During the first half of the 20th century, musical theatre was one strand of a Western popular aesthetic that upheld Chinese and other Asian cultures as exotic and foreign. Elaborate sets, ostentatious costumes and props, and bold make-up magnified the visual impact.

A small red lacquered tray with floral decoration.

Tray formerly used and displayed in Herbert Browne’s Essendon home

It is possible that the ornaments, lacquerware, cocktail glasses, incense and gongs now in the Museum’s collection originally came from JC Williamson’s prop department.

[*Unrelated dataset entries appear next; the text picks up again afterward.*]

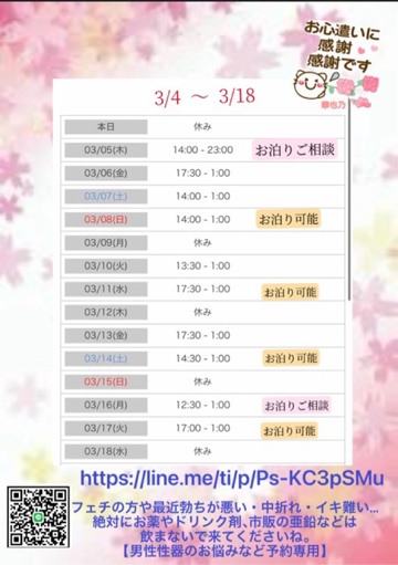 明日3月5日昼過ぎから乗車します🌸是非エッチなお誘い💕お待ちしています♡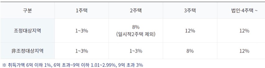 특히 다주택자라면 취득세율이 최대 12%까지 올라갈 수 있기 때문에 투자 수익률에도 큰 영향을 미칩니다.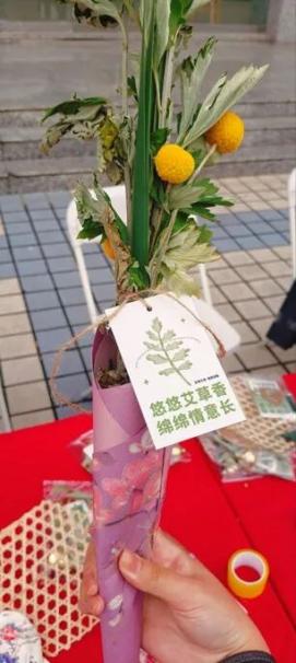 活动现场,新鲜的艾草、菖蒲、香樟果、玉簪叶等原料散发着阵阵清香。同学们充分发挥创意,精心挑选搭配,亲手制作出独具特色的艾草花束。大家或是将满载传统文化韵味的花束带回家中悬挂装饰,或是在现场相互展示分享,在劳动实践中感受传统文化魅力的同时,也增进了彼此间的交流与情谊。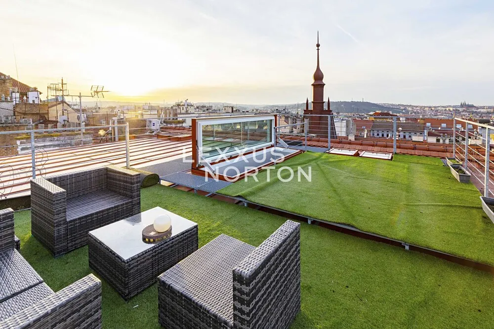Byt je umístěn v posledním podlaží kompletně zrekonstruované novorenesanční budovy s výtahem, pouhých pár kroků od Náměstí Míru a Vinohradského divadla. Hlavní dominantou je velkorysá střešní terasa s dechberoucím výhledem na celou metropoli. Druhá, klidová terasa do vnitrobloku, která je po celé délce bytové jednotky.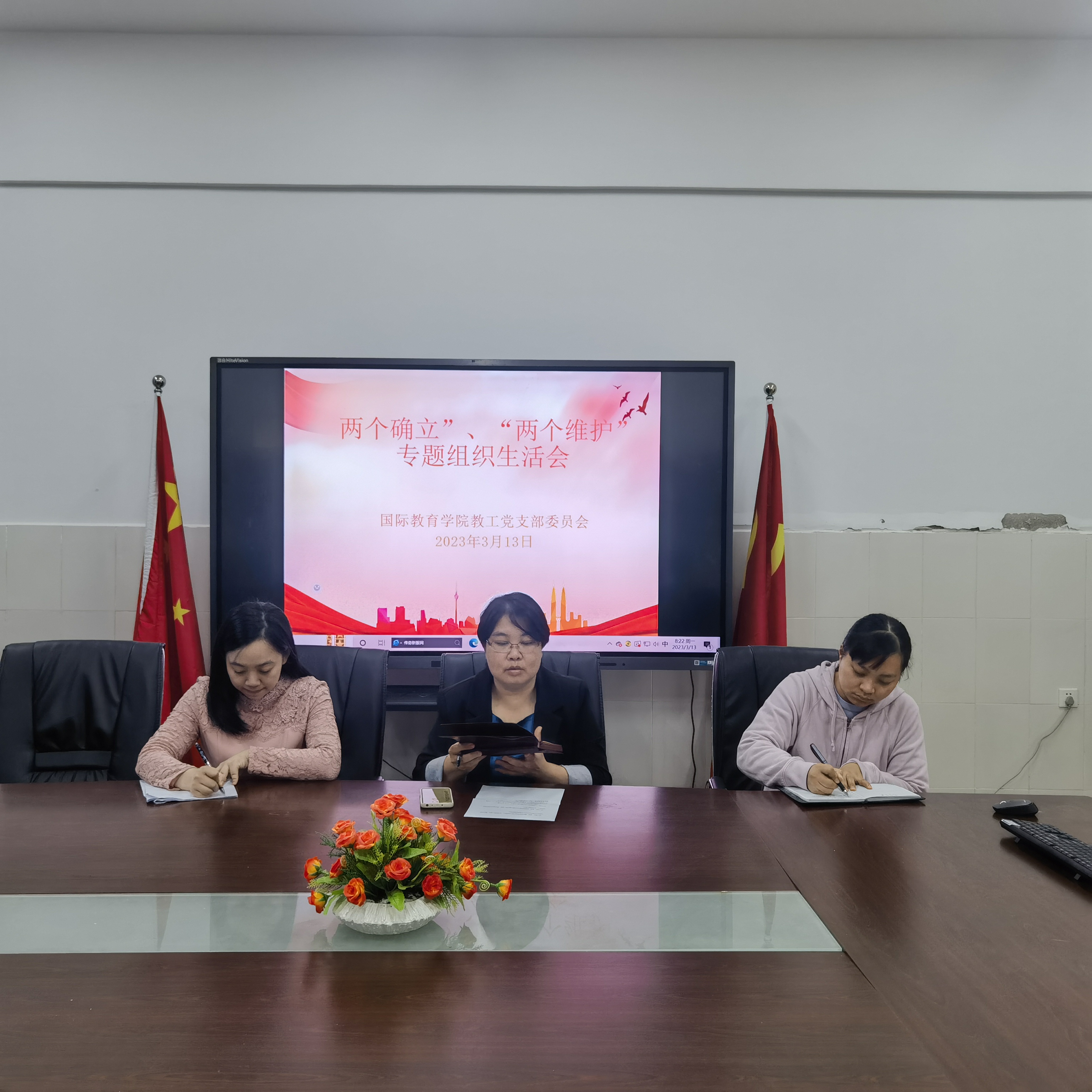 2023年3月13日,国际教育公司教工党支部委员会在5-411 举行了“两个确立”、“两个维护”专题组织生活会,会议由教工党支部书记黎瑛同志主持。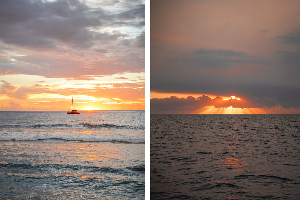 En fin de journée, nous avons pris la direction du nord-ouest de l’île de la Réunion pour prendre un catamaran et profiter du coucher de soleil. Durant deux heures, nous avons sillonné les côtes réunionnaises avant que le soleil se couche. Ce soir-là, les couleurs auront été un peu timides mais l’expérience était cool. Il est possible selon les saisons et la chance de pouvoir croiser des tortues, des dauphins et même des baleines.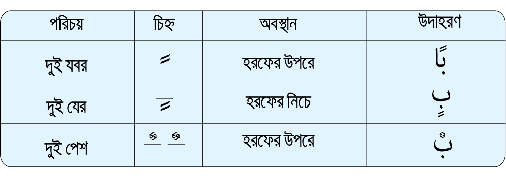 তানবীনের অবস্থান উদাহরণসহ নিচের ছক থেকে জেনে নেই –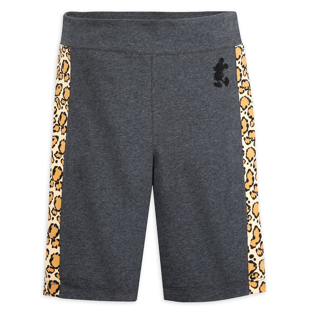 Take a ride on the wild side in these animal print bike shorts. Accented with an embroidered Mickey Mouse silhouette on the front, these soft, stretchy shorts are fiercely stylish.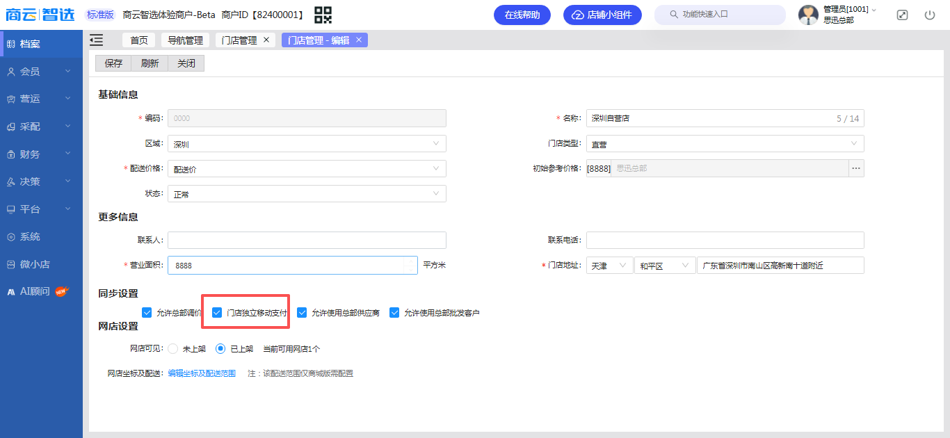 - 位置:智选后台–【档案】–【门店管理】,勾上“门店独立移动支付”,保存后,再回到思迅Pay里设置即可。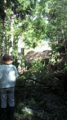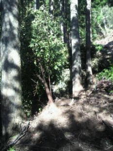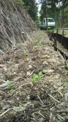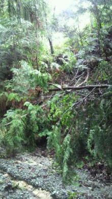 本来なら山肌に立っていたはずの雑木 土砂と共に流れて無事に道路脇に着地 |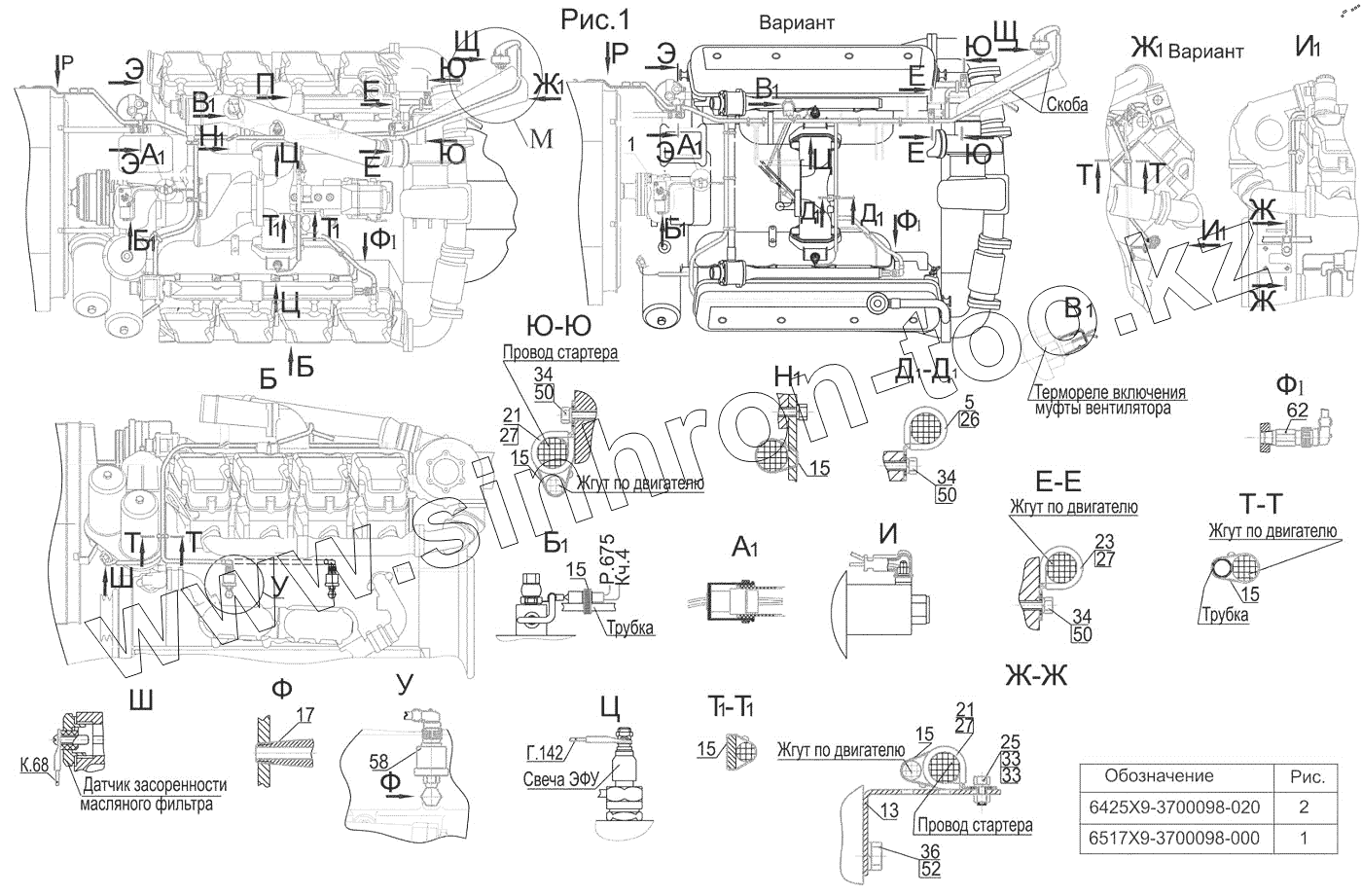 Каталог запасных частей к технике: МАЗ-6517X9-0000410. Установка электрооборудования на двигателе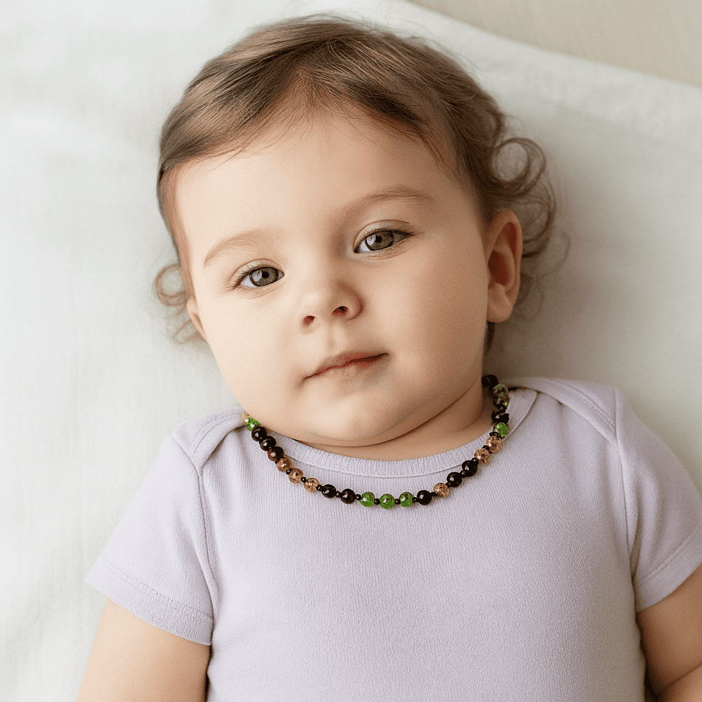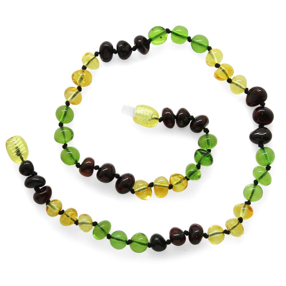 Şeffaf Yeşil Kırmızı Renkli Şık Kutulu Özel Seri Naturel Damla Kehribar Taşlı Bebek Diş Kolyesi - 1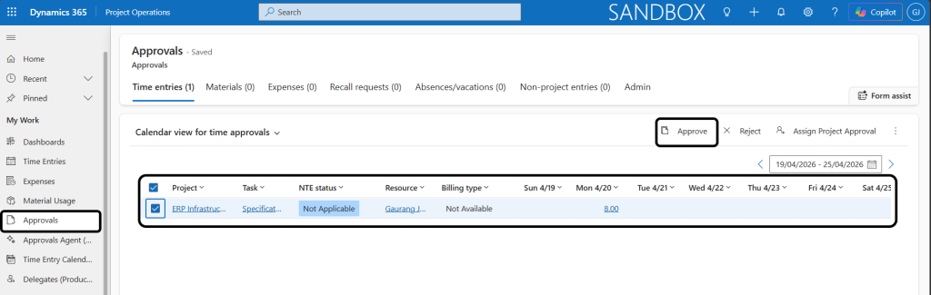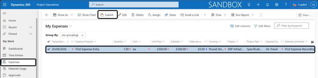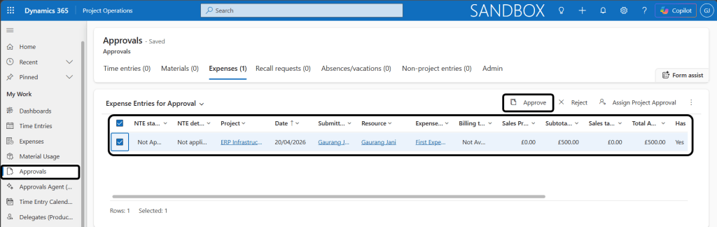 Submit for approval. The approver reviews in the Approvals queue. On approval, a cost actual is created in Dataverse and queued for sync to Finance. if it’s created and submitted in Expense App it will on appear in Project until it’s posted in Dynamics 365 Finance.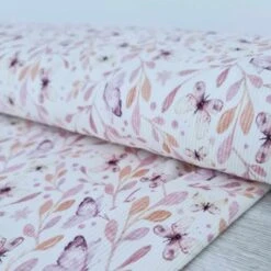European Fine Ribbed Jersey Knit, Oeko-Tex, Butterflies Pink
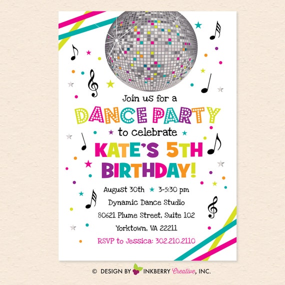 Neon Dance Party Birthday Party Invitation Glow Just Dance Party Disco Ball Music Digital Printable File Or Printed Cardstock Cards By Inkberry Cards Design Catch My Party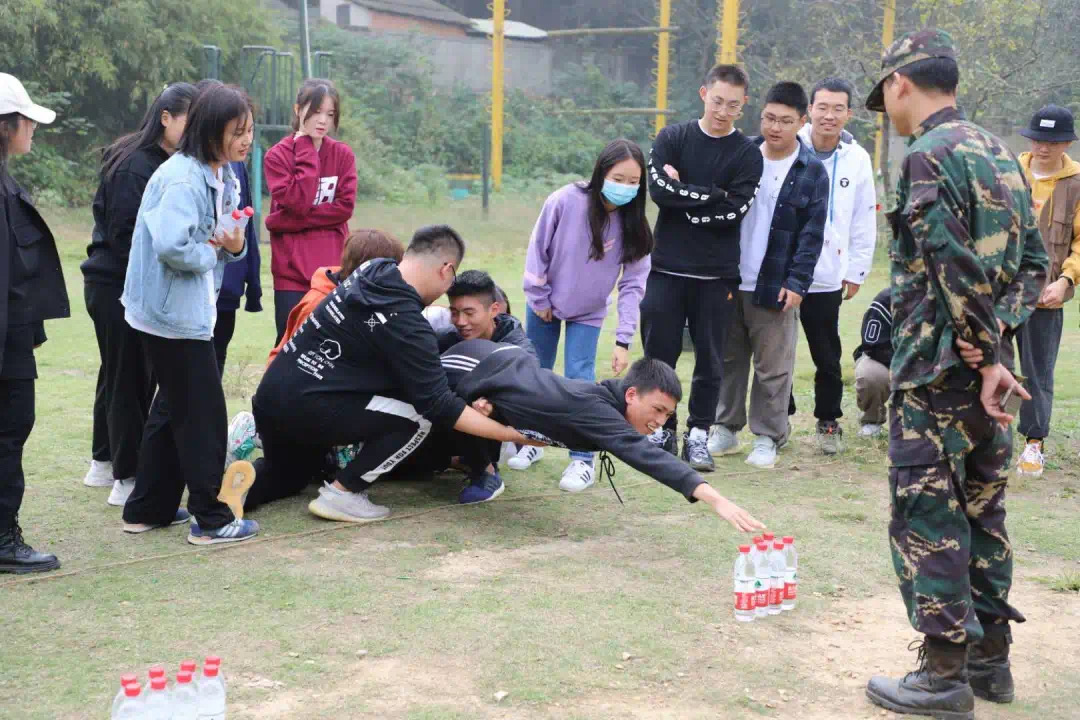 大家手牵手围成一个圈,转圈慢跑。待教官报数后,根据自己的数字进行抱团。淘汰者需用特定的成语造句,“奇形怪状” "歪七扭八"的句子引发了一阵阵爆笑。

Browne was also interested in First Nations culture. During the 1920s JC Williamson toured to Perth aboard the Trans-Australian Railway. During their travels the company met with controversial author Daisy Bates at Ooldea where Browne acquired several spears, boomerangs and spear throwers.

Spear thrower with carvings and fibre on hand grip.

Spear thrower acquired by Herbert Browne

As he aged Browne remained committed to the theatre, establishing a stage make-up business before his death in 1975.

Keep an eye out for an object from Browne’s collection on display in the Gandel Atrium early next year.